3 February, 2016

RDS OS update

by gorthx

I’ve some more info for the AWS RDS OS update I mentioned last week.

The announcement states that this update will take an outage. In my experience, it’ll be the usual failover time for a Multi-AZ instance (a minute or so), and 8-10 minutes for no-Multi-AZ instances.
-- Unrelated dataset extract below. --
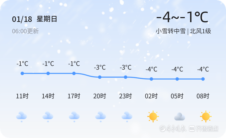 今天是2026年1月18日,星期日,农历十一月三十。济南迎来新一轮降雪天气,气温较低。今天济南各区普遍出现小雪转中雪的天气,气温在-4℃到-1℃之间,北风1级,空气湿度高达93%,PM2.5指数为58,空气质量良好。市民出行需注意保暖和交通安全。

According to my event logs, the entire update process takes 20-25 minutes.

Since I had n > 1 instances to handle, I preferred to review & schedule updates via the cli, because I can then write a quick bash wrapper for each piece & handle them in bulk.

Here’s the command:

aws rds describe-pending-maintenance-actions

To review upcoming maintenance for only specific instances, pass it a comma-separated list of instance names to the filters switch, like so:

aws rds describe-pending-maintenance-actions \
--filters Name=db-instance-id,Values=mydb1,mydb2

Here’s an example of what you’ll get back:

PENDINGMAINTENANCEACTIONS arn:aws:rds:[az]:[acct_no]:db:[dbname]
PENDINGMAINTENANCEACTIONDETAILS system-update 2016-02-26T19:41:22Z 2016-02-26T19:41:22Z Performance improvements and security updates

(The timestamps are in UTC, so you may have to do some math.)

Neither of those timestamps were in my maintenance window, so I dug into the docs  a bit further.

There are three possible dates available:
AutoAppliedAfterDate – AWS will apply the maintenance in the next maint window after this date
ForcedApplyDate – AWS will apply the maintenance at this time, regardless of maintenance window (eeeek!)
CurrentApplyDate – When AWS will apply it, if you’ve opted-in.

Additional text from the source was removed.